One of the articles of faith of twentieth-century intellectual history is that the theory of relativity in physics sprang in its essentials from the unaided genius of Albert Einstein; another is that scientific relativity is unconnected to ethical, cultural, or epistemological relativisms. Victorian Relativity challenges these assumptions, unearthing a forgotten tradition of avant-garde speculation that took as its guiding principle "the negation of the absolute" and set itself under the militant banner of "relativity."
Christopher Herbert shows that the idea of relativity produced revolutionary changes in one field after another in the nineteenth century.
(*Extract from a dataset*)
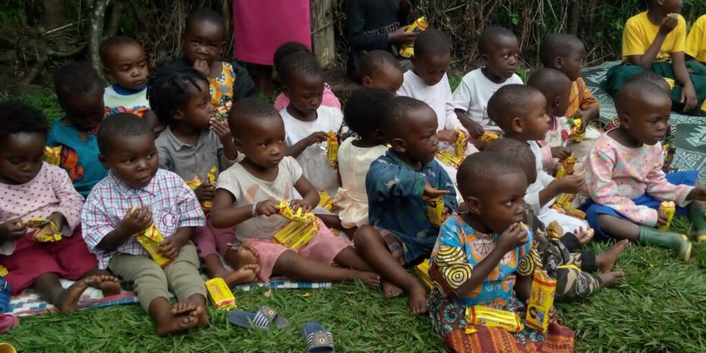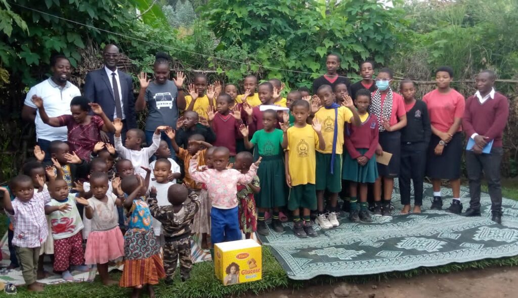 Bamwe mu bana barerwa na Nyiramafishi Rachel bahawe amata n’ibisuguti n’abo muri Wisdom Schools.

Surveying a long line of thinkers including Herbert Spencer, Charles Darwin, Alexander Bain, W. K. Clifford, W. S. Jevons, Karl Pearson, James Frazer, and Einstein himself, Victorian Relativity argues that the early relativity movement was bound closely to motives of political and cultural reform and, in particular, to radical critiques of the ideology of authoritarianism. Recuperating relativity from those who treat it as synonymous with nihilism, Herbert portrays it as the basis of some of our crucial intellectual and ethical traditions.